Sunday, September 10, 2017

A Horse Named Terry

"Do you want to come and meet Terry?" Her brown eyes wide. Sparkling. The embodiment of child-like wonder. If ever I'd had cause to use the phrase, this had been it.

"Sure, kiddo." This was not a request to be refused. Hearts of stone would crumble from the look in those eyes. Ravaging marauders would have given pause at the look on my daughter's face before continuing their rampage. The village would be burned, but that skip in time, that temporal record scratch, would have marked the moment forever.

I followed my daughter through the stables to the very end of a row of stalls, past other horses, to find Terry, the smallest of the lot, and my daughter's mount for the previous week. More of a pony, really, than a horse. A dwarf amongst giants. But when my daughter had ridden him a mere twenty or so minutes before, her head had practically been obscured for all the clouds so high had she sat.

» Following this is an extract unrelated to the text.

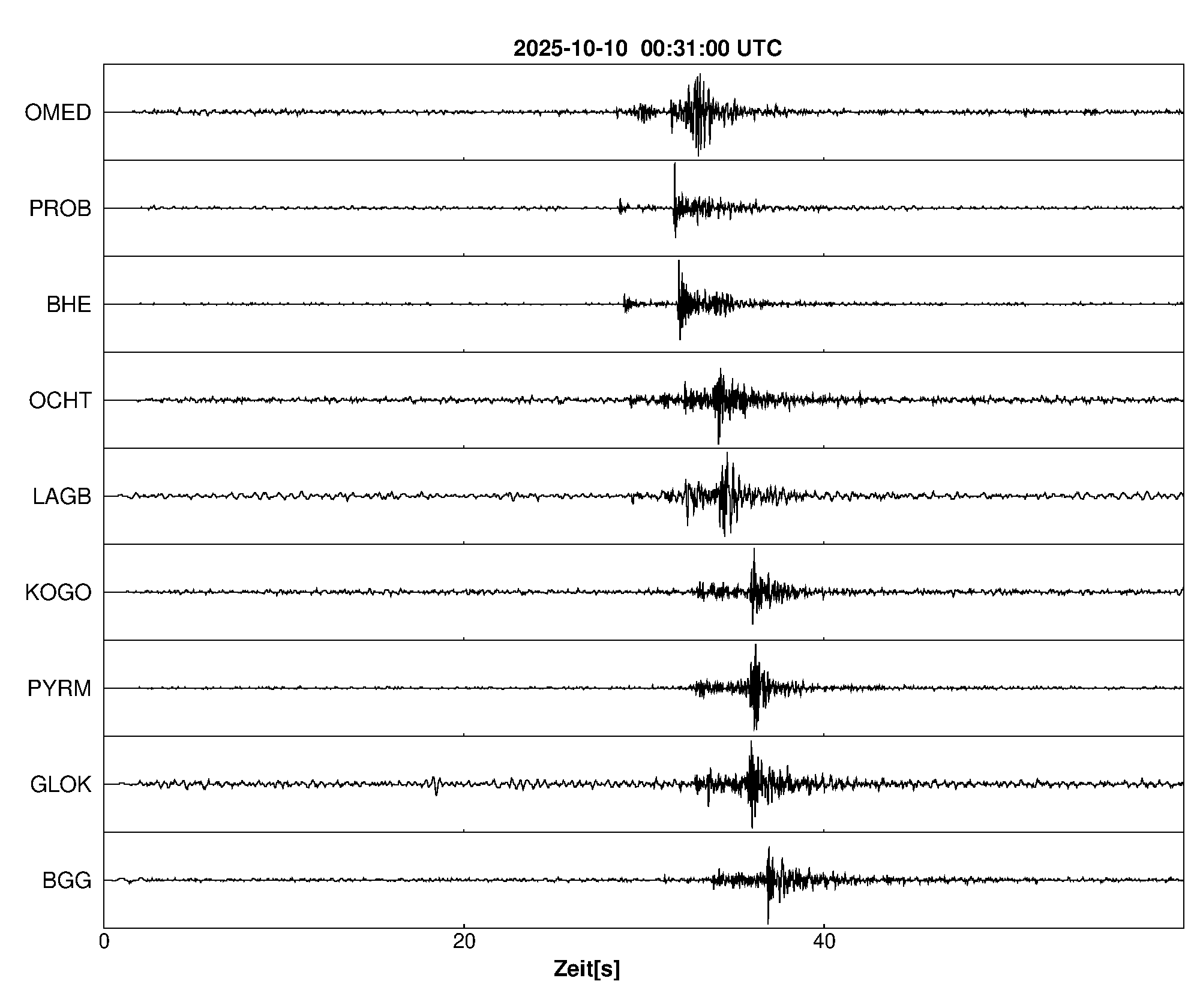 Pfadnavigation Startseite Geologischer Dienst Erdbeben Aktuelle Erdbeben Erdbeben bei Glees, Lkrs. Ahrweiler, RP Teilen Erdbeben bei Glees, Lkrs. Ahrweiler, RP Erdbeben bei: Glees, Lkrs. Ahrweiler, RP Datum/Uhrzeit: am 10.10.2025 um 02:31 Uhr Ortszeit (MESZ) Stärke: 0.6 (Magnitude auf der Richter-Skala) Epizentrum: 50.41° N ㅤ 7.25° E Herdtiefe: ca. 8 km unter der Erdoberfläche Bemerkung: sehr schwaches Erdbeben Seismogramme ausgewählter Erdbebenmessstationen: Erläuterungen: Datum/Uhrzeit:Datum und Zeit des Erdbebens in Ortszeit, also MEZ oder MESZ; Epizentrum:Punkt an der Erdoberfläche über dem Hypozentrum (Lage des Erdbebenherdes in der Tiefe); Magnitude:Erdbebenstärke auf der Richterskala (Lokalmagnitude ML); Herdtiefe:Tiefe des Erdbebens (Hypozentrums) in Kilometern unter NN. Seismogramme:Details zu den Erdbebenmessstationen finden sich im Kartenviewer des LGRB (Baden-Württemberg) und im Kartenviewer des LGB (Rheinland-Pfalz).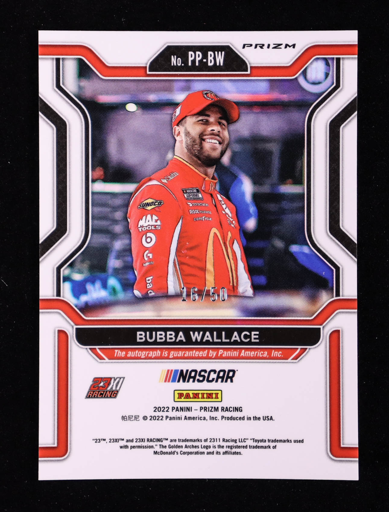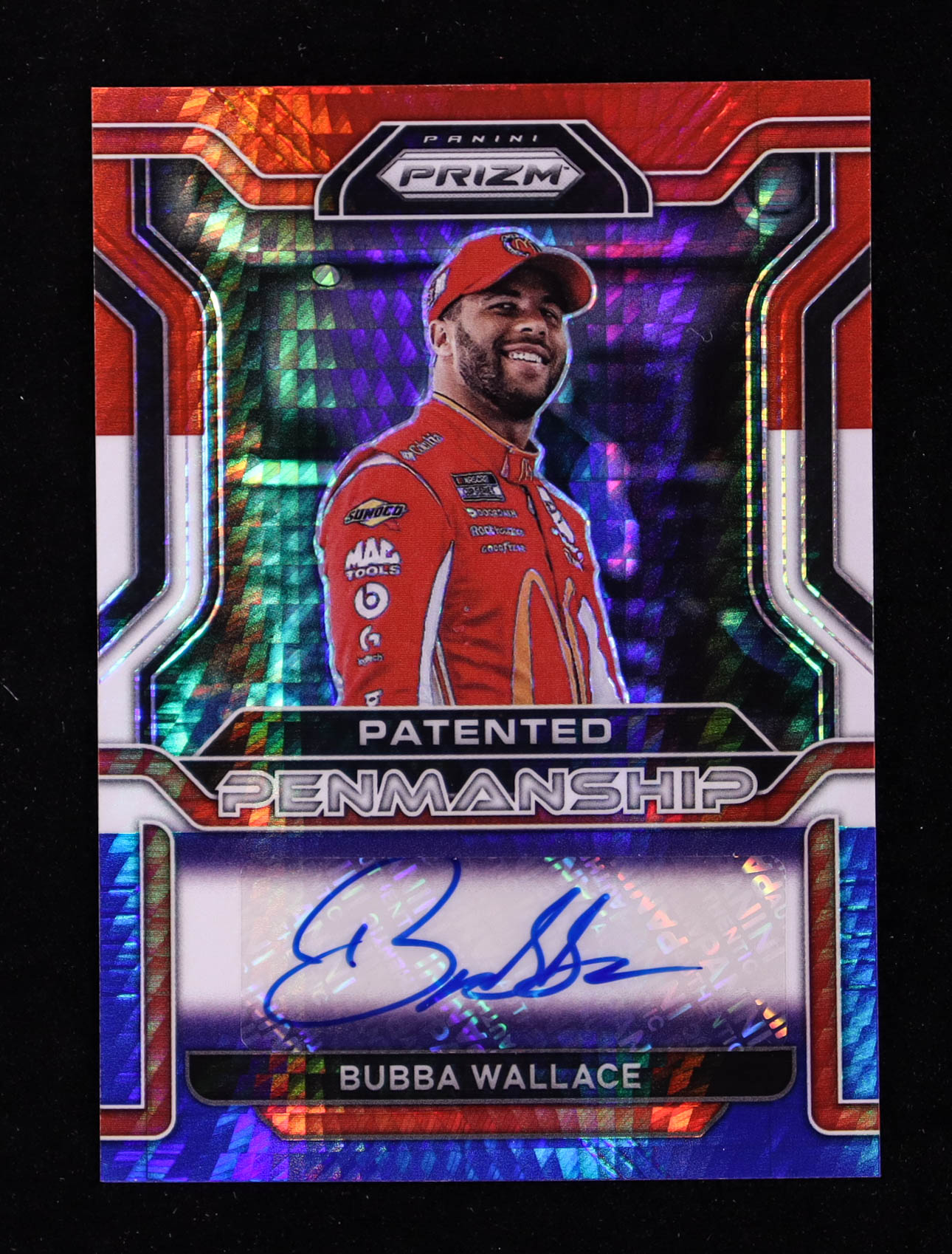 Bubba Wallace 2022 Panini Prizm Patented Penmanship Prizms Hyper Red White and Blue #5 #16/50

Some familiar smells: the hay, the manure, the wood from the old barn, hide and hair. A thousand different odours combined that most people knew as "the farm smell:" a brown sludge. But to those versed in such things, there was an entire palette there with all kinds of data ripe for the collating. I'd grown accustomed to my (sub)urban environment and the accompanying smells, but some things would not--indeed could not--be forgotten, and I still had a vocabulary for such things, limited though it was.